One of the crime scene investigators offered her a memo cube. “McQueen left this for you. You’re going to want to hear it.”

“Thanks.”

She activated it.

Hello again, Eve. I hope I can call you Eve now, after all we’ve been through together. I’d planned to have a nice, long chat with you today, but plans change, and this will have to do.

Welcome to my home—former. I wish I could be there to offer you a glass of wine in person. I know you enjoy a glass now and again—the photographs of you in Italy sampling the local vintages were really quite fetching. Marriage agrees with you.

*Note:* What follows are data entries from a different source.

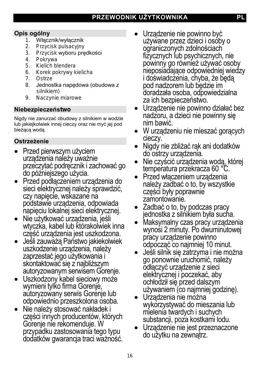 INSTRUKCJA OBSŁUGI B800 ORAB GORENJE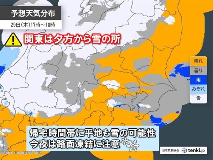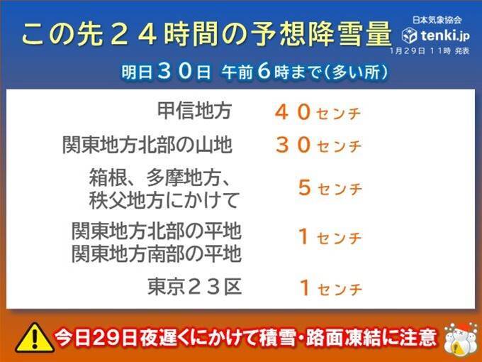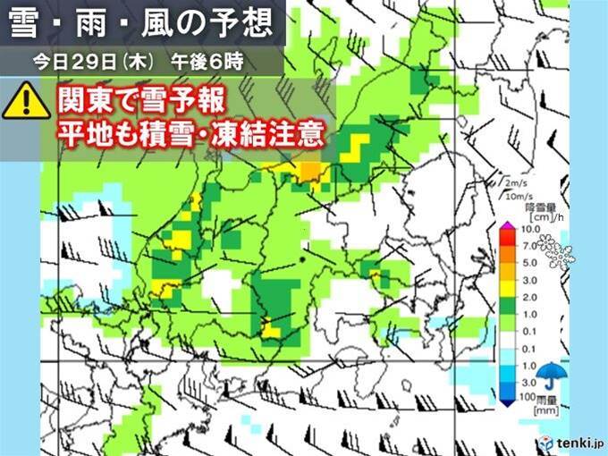 今日29日は関東地方において、西高東低の冬型気圧配置が影響し、上空5500メートルで氷点下33度以下の寒気が流れ込んでいる状況です。午後から夜にかけては、箱根、多摩、秩父などの内陸部で雪が強まり、最大で30センチの積雪が予想されます。また、東京23区など平野部でも一時的に雪や雨が降り、局地的な積雪や交通障害の可能性が指摘されています。特に夜間は気温の低下に伴い路面の凍結が進むため、大気の不安定な状態と併せて注意が必要です。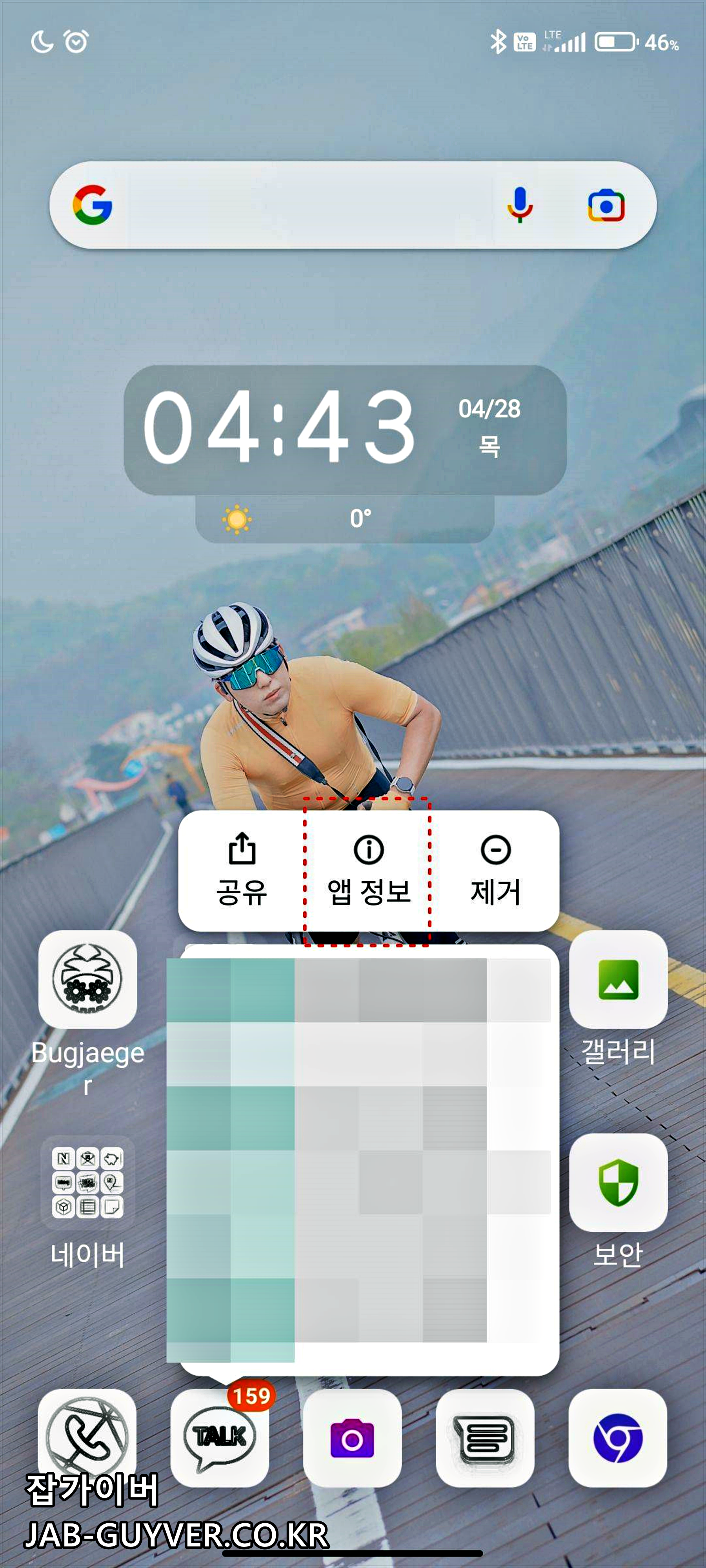 자동동기화가 안되는 앱을 꾸욱 눌러 앱 정보로 들어갑니다.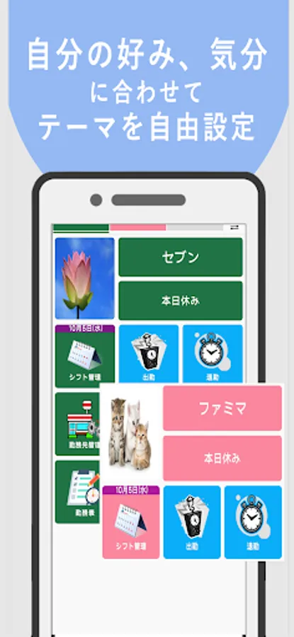 ・There are "Attend", "Leave", "Vacation", and "Break" buttons, and you can modify the scheduled work time you set in advance by tapping a few times.
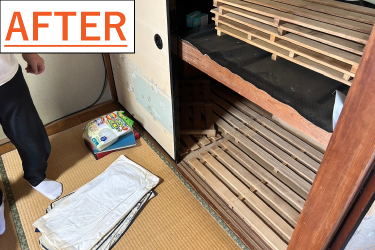 押し入れに丁寧に収納されていた布団を取り出し、回収しました。布団は状態が良く、長年大切にされていたことが伝わってきました。すべてを搬出したあとの押し入れはすっきりとし、空間に余白が生まれました。お客様からも「安心して任せられた」と嬉しいお言葉をいただきました。
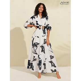 Damen Schwingkleid Druckkleid Maxikleid Schwarz-Weiß Blumen / Pflanzen Jeansstoff Mit Gürtel Sommer V Ausschnitt Urlaub Musterkleid S M L
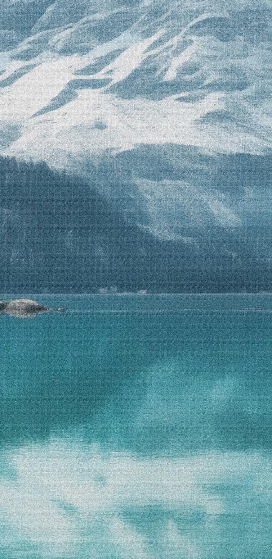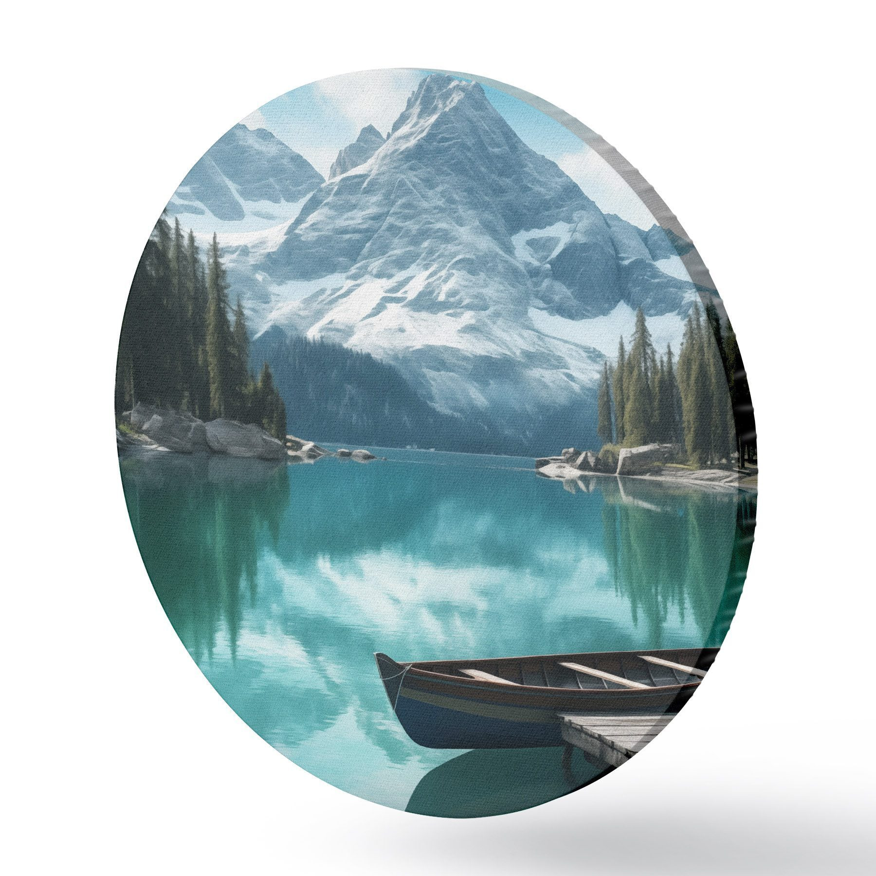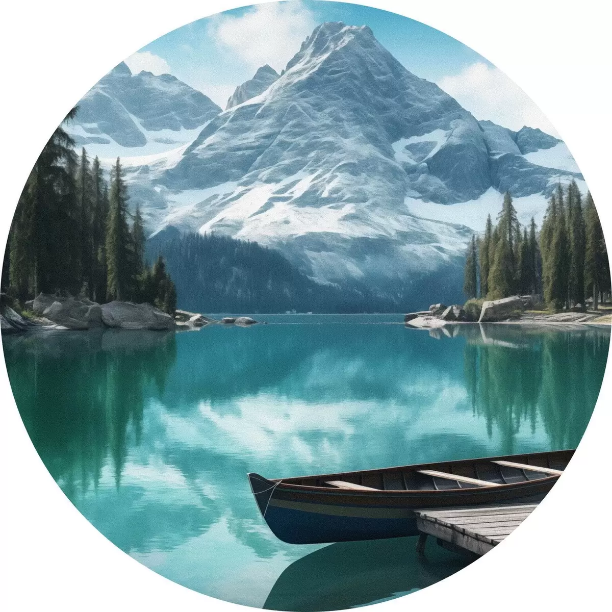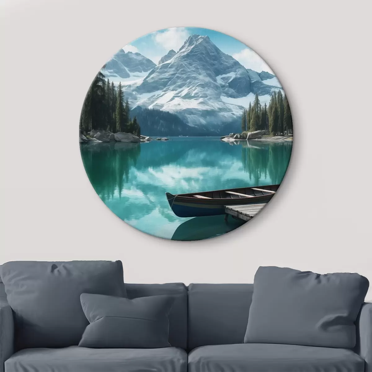Кругла картина Альпійське озеро з каное і засніженими вершинами r46481
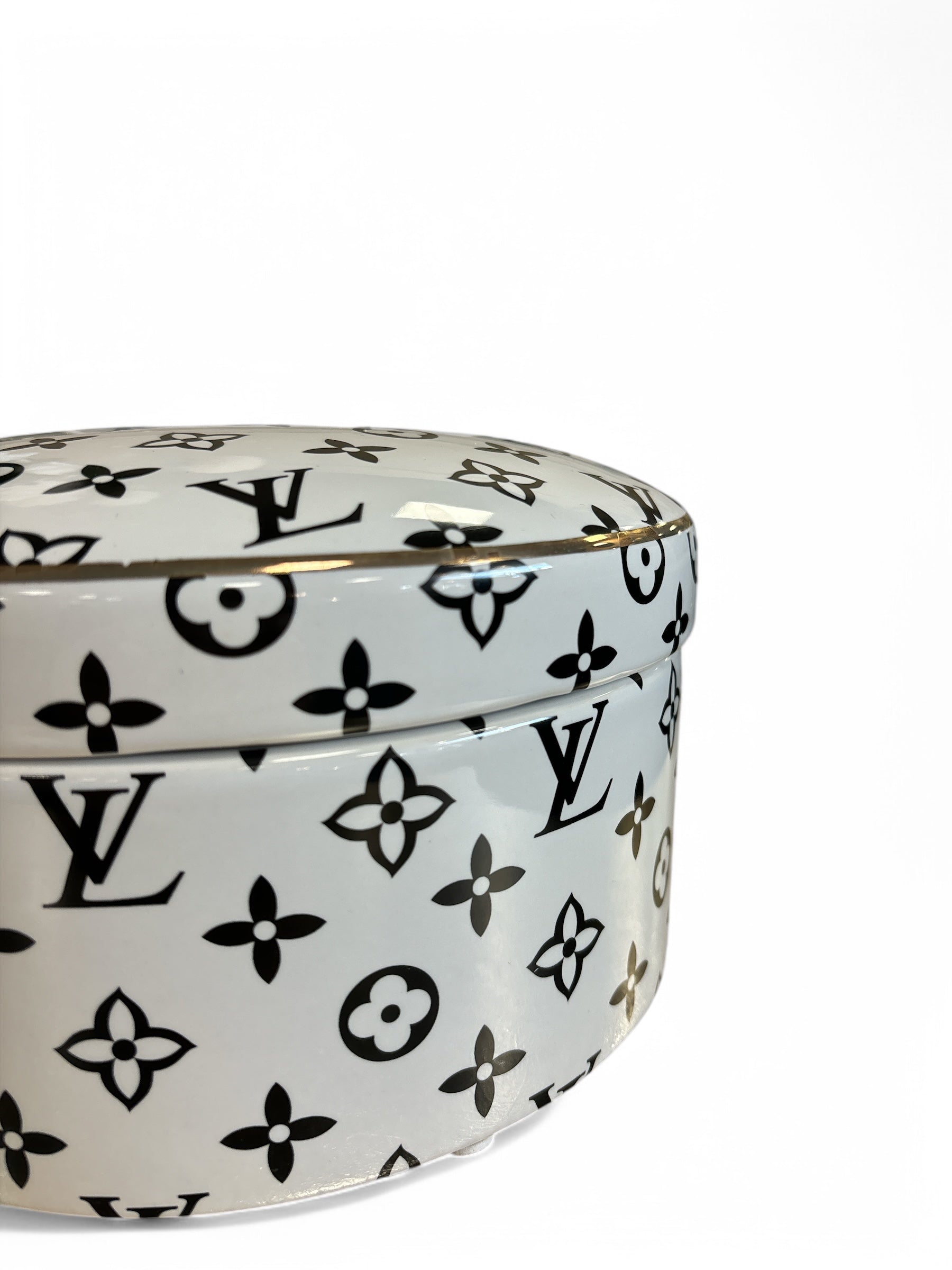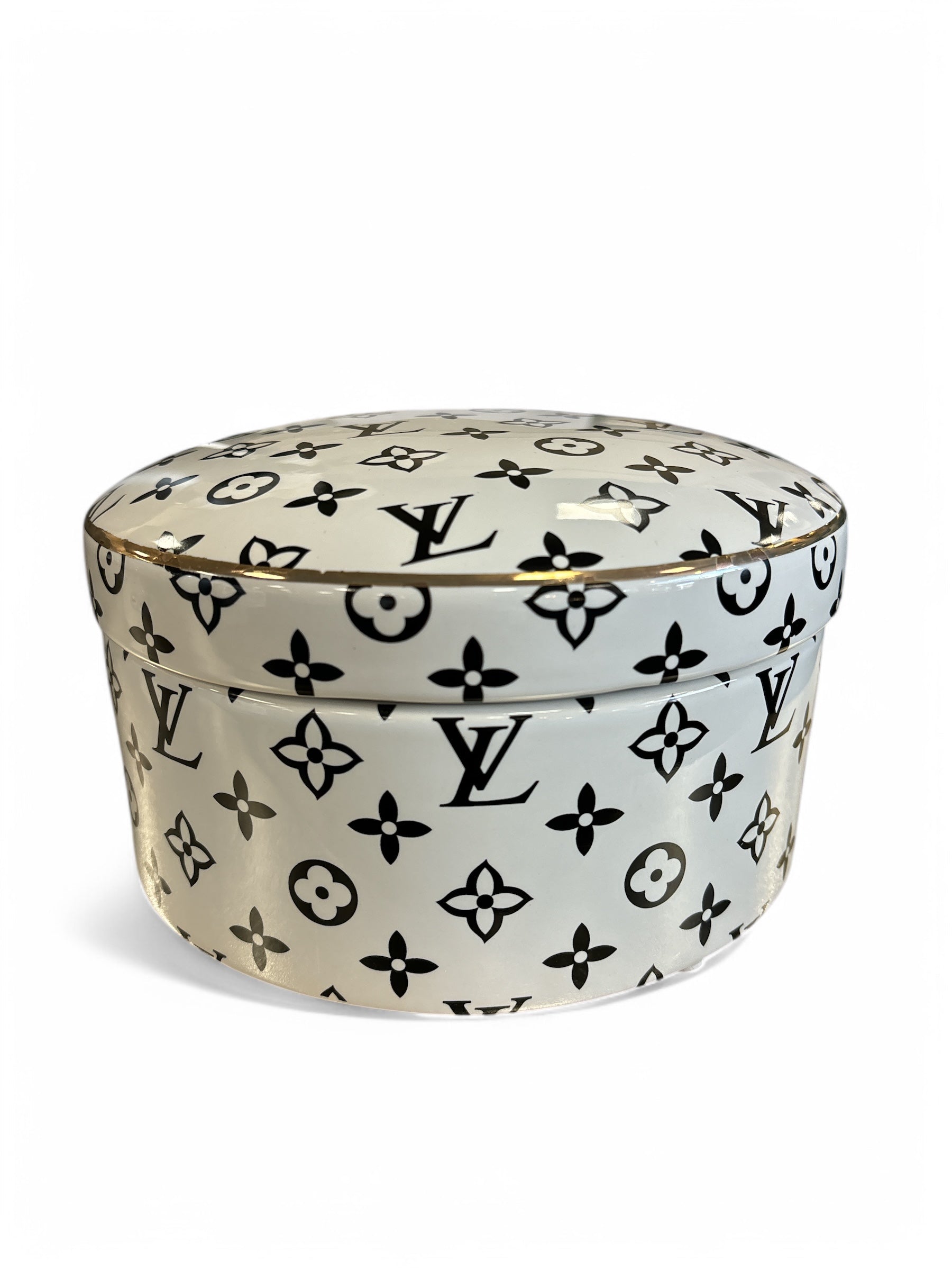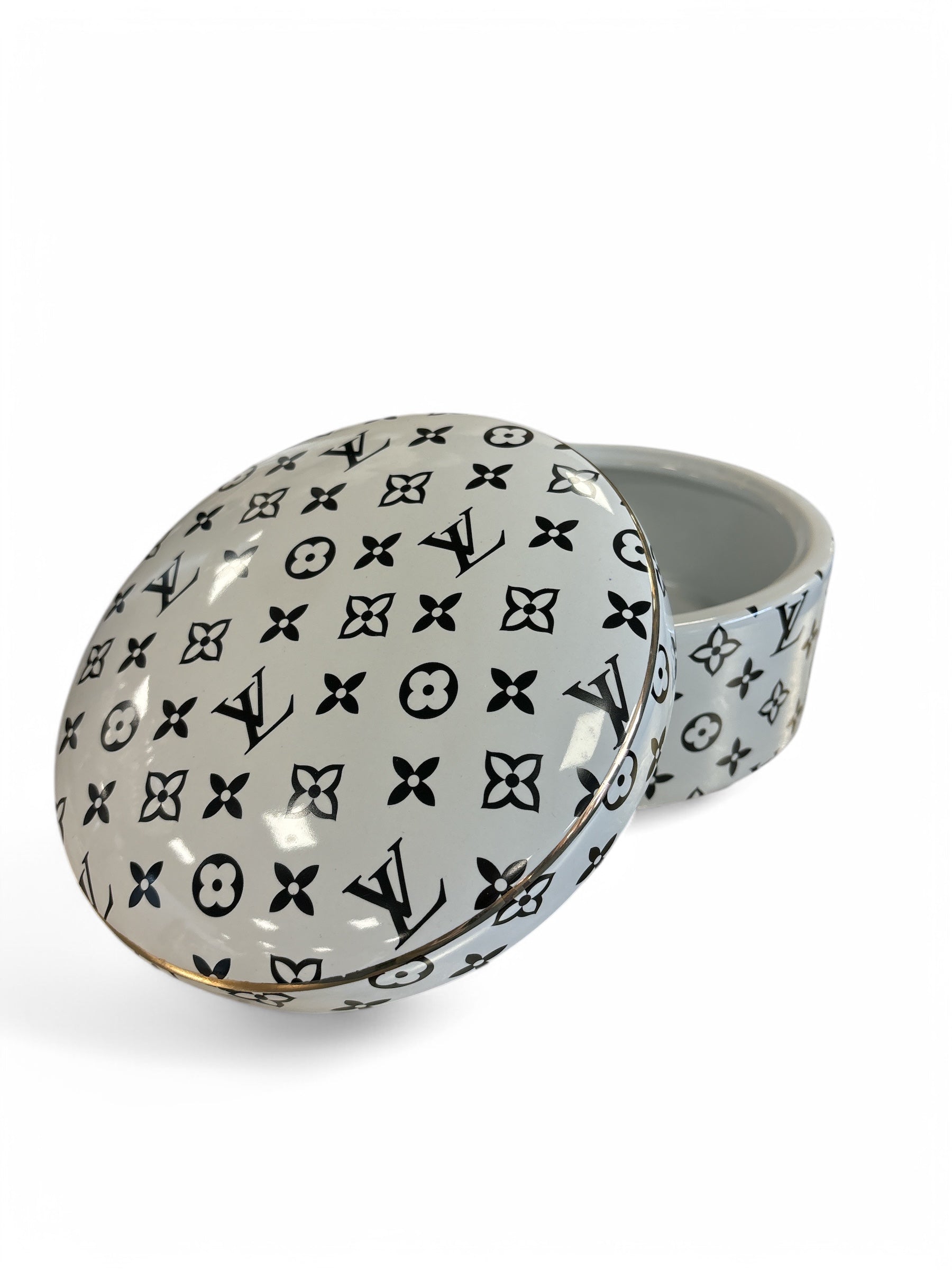 Elevate your home decor with our Large LV Designer Inspired Trinket Dish. This elegantly designed storage dish features a classic Designer Inspired logo print and a lid, making it perfect for storing your favourite treasures or displaying as a decorative statement. Durable and luxurious, this dish adds a touch of sophistication to any space.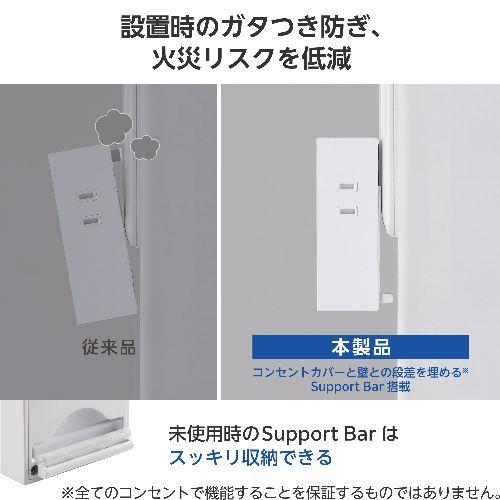 その他:設置時のガタつきを抑えるSupport Barを装備 ※全てのコンセントで機能することを保証するものではありません。

As you can see, I left a bit of a mess behind. But then I know you like tidying up those little misadventures, and I’m a bit rushed. I had hoped to entertain you here, to put you up for a few days. I so looked forward to some Isaac and Eve time. But we’ll do it very soon, just the two of us.

You’re probably wondering why I left the steadfast Melinda and the adorable Darlie alive. You know, I’m wondering that myself. Perhaps I like knowing how well they’ll remember me. No one likes to be forgotten, to be ignored. Don’t think for a minute I’ll do either with you.

You’re in my thoughts, day and night. I’ll see you soon.